> Goal of the exercise: An exact copy of the listing below is the answer, with the pictures removed.
*** Opening Given records ***
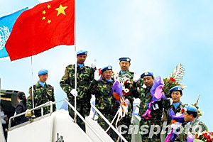 2004年3月16日上午10時(shí)30分,沈陽桃仙國際機(jī)場一架滿載70名維和部隊(duì)先遣隊(duì)官兵的專機(jī)起飛,直飛福州與那里的維和部隊(duì)汽車連會(huì)合共同組隊(duì)經(jīng)法國飛抵利比里亞首都。三月底由沈陽軍區(qū)派遣的維和工程兵部隊(duì)將與先期到達(dá)的先遣隊(duì)會(huì)合,共同完成利比里亞的維和任務(wù)。夫子 攝
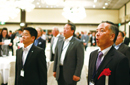 また、懇親会に先んじて行われた総会において応援団のOBである阪下一仁氏に対し、長年同窓会懇親会に近大節の演舞を壇上で披露するという重責を果たしてきた功績を称え、参与に委嘱した事をご報告させて頂きます。
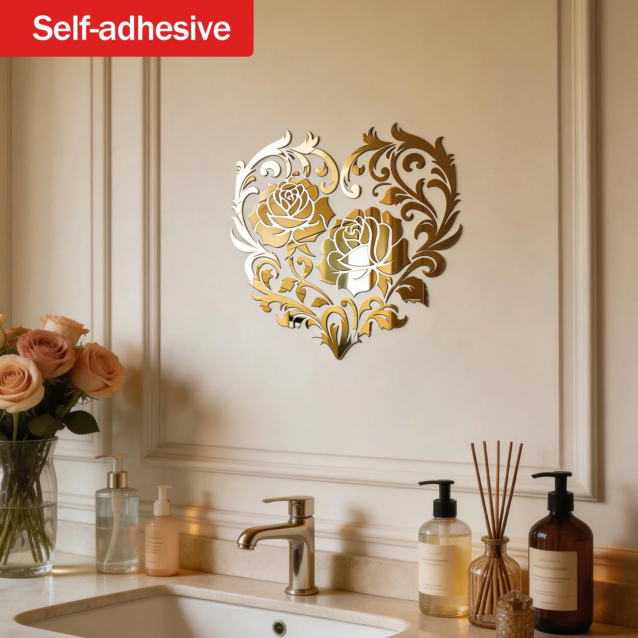 Mirror Rose Heart Art Self-Adhesive Wall Hanging Makeup Mirror, Romantic Decorative Wall Mirror for Living Room Bedroom, Luxury Atmosphere
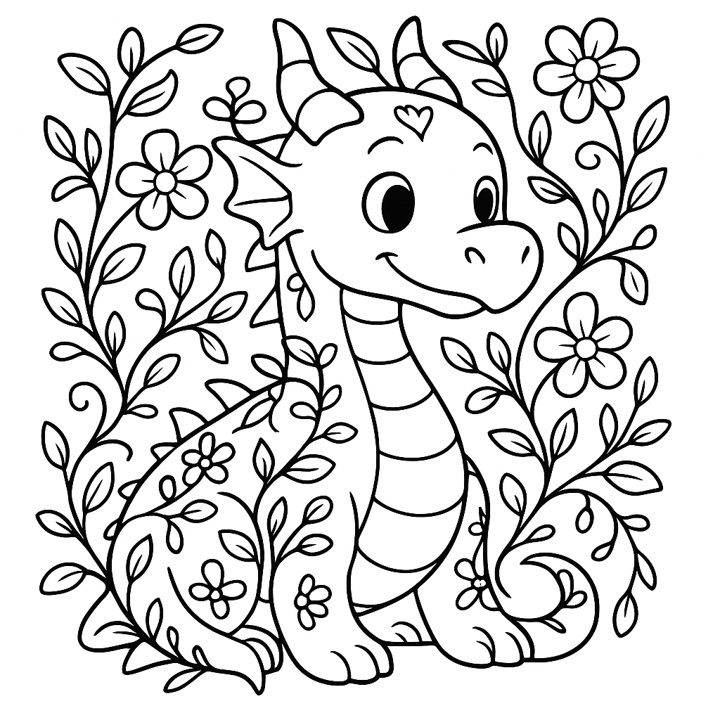 A medium coloring page featuring friendly plant dragon with vines and flowers growing from its scales. Perfect for kids (6-9) with moderately detailed outlines for a fun coloring experience.
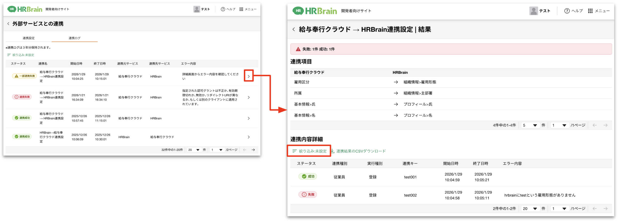 2.[連携ログ]の「>」をクリックすることで、連携内容の詳細を確認可能(ステータスによる絞り込みも可能)
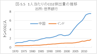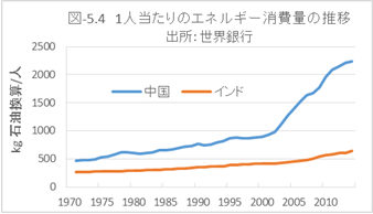 図-5.4、図-5.5に、中国とインドの一人当たりのエネルギー消費量とCO2排出量の推移を示しました。中国はエネルギー消費を拡大させ、CO2排出量を増加させたことで、経済成長を遂げたことが理解できるでしょう。
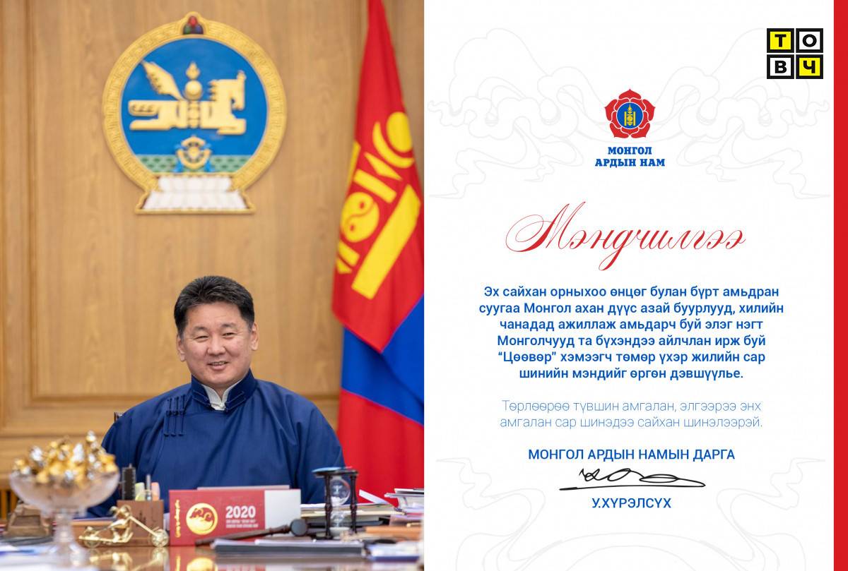 Мөн эх орныхоо тусгаар тогтнолыг сэргээн тогтоох чин хүсэл зорилгоор нэгдсэн эрэлхэг монгол эх орончдын байгуулсан улс төрийн ууган хүчин Монгол Ардын Нам үүсэн байгуулагдсаны түүхт 100 жилийн ой, Ардын хувьсгалын 100 жилийн ой гарч буй төмөр үхэр жилд тохиож байна. Улс орныхоо тусгаар тогтнол, үндэсний аюулгүй байдлын баталгаа болж нэгэн зууны түүхийг түүчээлсэн Монгол Ардын Нам эрх баригч улс төрийн хүчний хувьд алдаа оноо, амжилт бүтээлдээ дүгнэлт хийж, улс орныхоо ирээдүйн хөгжлийн зорилго зорилтыг хэлэлцэхээр намынхаа ХХХ Их хурлыг хуралдуулахаар зарлаад байна. Монгол ахан дүүс, азай буурлууд та бүхэндээ эрүүл энх, элбэг сайхан байж, улс орон маань цэцэглэн хөгжихийн ерөөл өргөе. Төрлөөрөө түвшин амгалан, элгээрээ энх амгалан сар шинэдээ сайхан шинэлээрэй. МОНГОЛ АРДЫН НАМЫН ДАРГА У.ХҮРЭЛСҮХ
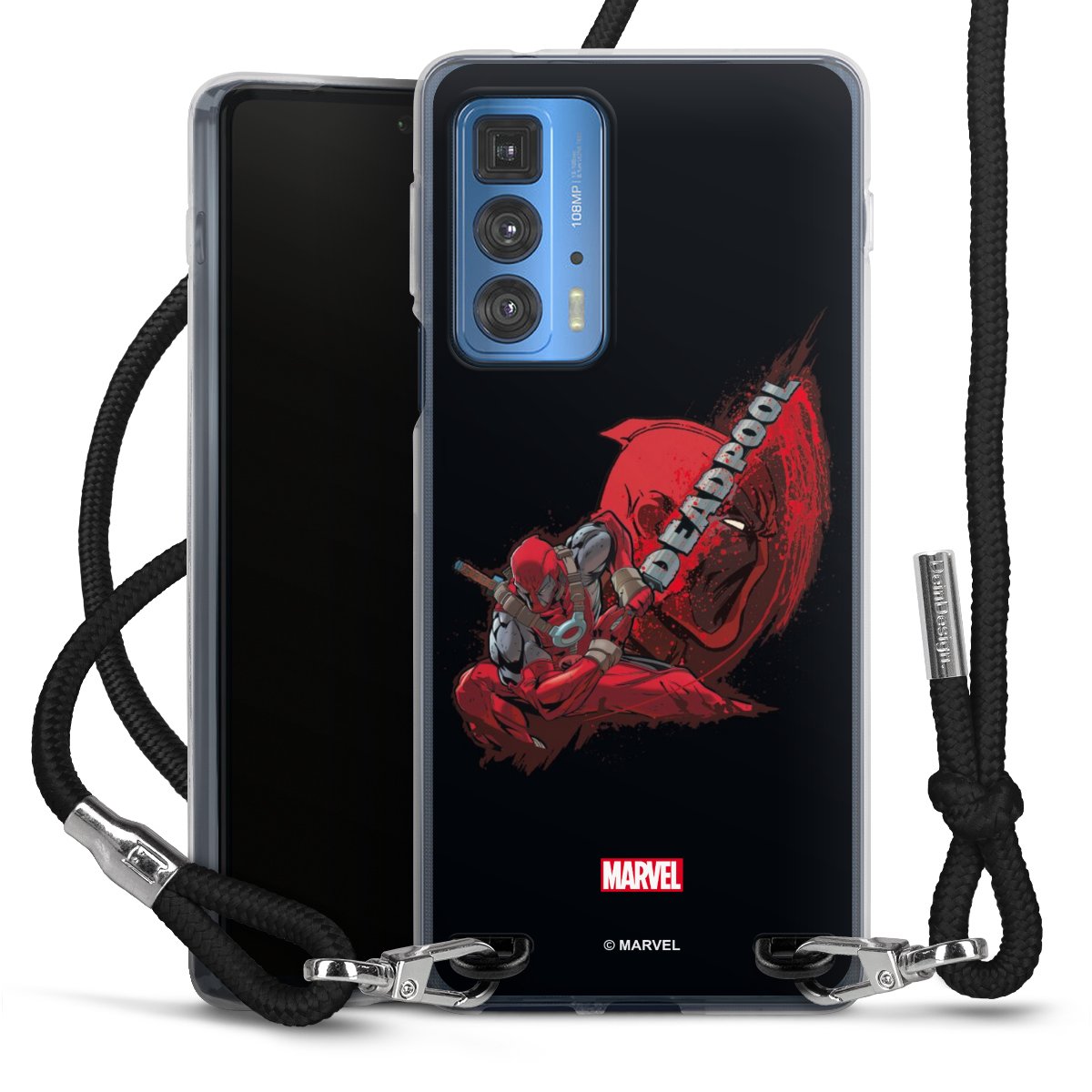Keep your phone handy at all times, thanks to the flexible silicone case with a textile strap.
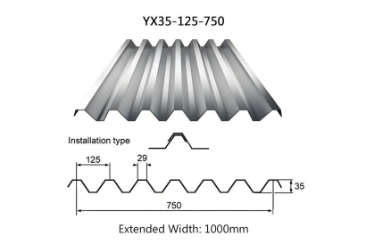 Wave height: 35mm, wave length: 125mm, cover width: 750mm, making it one of the mainstream choices for industrial building walls.
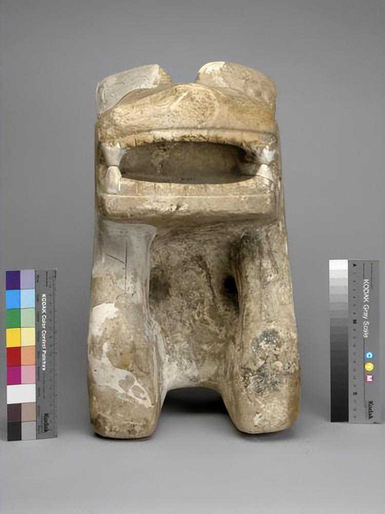 立体雕刻,曲膝跪坐,臀压后爪上,前爪正置膝上,有五趾,头自肩直出,无项,向前突出身外,口大张凹入甚深,齿牙如锯,最左与最右之对牙均残断,鼻在口上,有两小孔,两眼如臣形,居左右,其后有两耳,竖立如扇,右耳已残缺,胸腹凹入,后背由耳下直达底部,有槽一道,通体雕饰花纹,色灰白杂黄,表面风化,剥蚀不光滑,有黑斑。
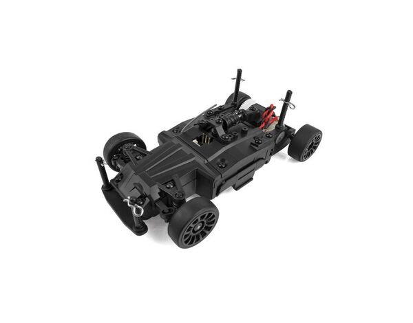 Verstellbare vordere und hintere Karosseriehalterungen. Das abnehmbare Karosserieteil ermöglicht die Montage von Karosserieteilen aus dem Zubehörhandel.
*** Closing Given records ***
> Solved problem:
 2004年3月16日上午10時(shí)30分,沈陽桃仙國際機(jī)場一架滿載70名維和部隊(duì)先遣隊(duì)官兵的專機(jī)起飛,直飛福州與那里的維和部隊(duì)汽車連會(huì)合共同組隊(duì)經(jīng)法國飛抵利比里亞首都。三月底由沈陽軍區(qū)派遣的維和工程兵部隊(duì)將與先期到達(dá)的先遣隊(duì)會(huì)合,共同完成利比里亞的維和任務(wù)。夫子 攝
 また、懇親会に先んじて行われた総会において応援団のOBである阪下一仁氏に対し、長年同窓会懇親会に近大節の演舞を壇上で披露するという重責を果たしてきた功績を称え、参与に委嘱した事をご報告させて頂きます。
 Mirror Rose Heart Art Self-Adhesive Wall Hanging Makeup Mirror, Romantic Decorative Wall Mirror for Living Room Bedroom, Luxury Atmosphere
 A medium coloring page featuring friendly plant dragon with vines and flowers growing from its scales. Perfect for kids (6-9) with moderately detailed outlines for a fun coloring experience.
 2.[連携ログ]の「>」をクリックすることで、連携内容の詳細を確認可能(ステータスによる絞り込みも可能)
 図-5.4、図-5.5に、中国とインドの一人当たりのエネルギー消費量とCO2排出量の推移を示しました。中国はエネルギー消費を拡大させ、CO2排出量を増加させたことで、経済成長を遂げたことが理解できるでしょう。
 Мөн эх орныхоо тусгаар тогтнолыг сэргээн тогтоох чин хүсэл зорилгоор нэгдсэн эрэлхэг монгол эх орончдын байгуулсан улс төрийн ууган хүчин Монгол Ардын Нам үүсэн байгуулагдсаны түүхт 100 жилийн ой, Ардын хувьсгалын 100 жилийн ой гарч буй төмөр үхэр жилд тохиож байна. Улс орныхоо тусгаар тогтнол, үндэсний аюулгүй байдлын баталгаа болж нэгэн зууны түүхийг түүчээлсэн Монгол Ардын Нам эрх баригч улс төрийн хүчний хувьд алдаа оноо, амжилт бүтээлдээ дүгнэлт хийж, улс орныхоо ирээдүйн хөгжлийн зорилго зорилтыг хэлэлцэхээр намынхаа ХХХ Их хурлыг хуралдуулахаар зарлаад байна. Монгол ахан дүүс, азай буурлууд та бүхэндээ эрүүл энх, элбэг сайхан байж, улс орон маань цэцэглэн хөгжихийн ерөөл өргөе. Төрлөөрөө түвшин амгалан, элгээрээ энх амгалан сар шинэдээ сайхан шинэлээрэй. МОНГОЛ АРДЫН НАМЫН ДАРГА У.ХҮРЭЛСҮХ
Keep your phone handy at all times, thanks to the flexible silicone case with a textile strap.
 Wave height: 35mm, wave length: 125mm, cover width: 750mm, making it one of the mainstream choices for industrial building walls.
 立体雕刻,曲膝跪坐,臀压后爪上,前爪正置膝上,有五趾,头自肩直出,无项,向前突出身外,口大张凹入甚深,齿牙如锯,最左与最右之对牙均残断,鼻在口上,有两小孔,两眼如臣形,居左右,其后有两耳,竖立如扇,右耳已残缺,胸腹凹入,后背由耳下直达底部,有槽一道,通体雕饰花纹,色灰白杂黄,表面风化,剥蚀不光滑,有黑斑。
 Verstellbare vordere und hintere Karosseriehalterungen. Das abnehmbare Karosserieteil ermöglicht die Montage von Karosserieteilen aus dem Zubehörhandel.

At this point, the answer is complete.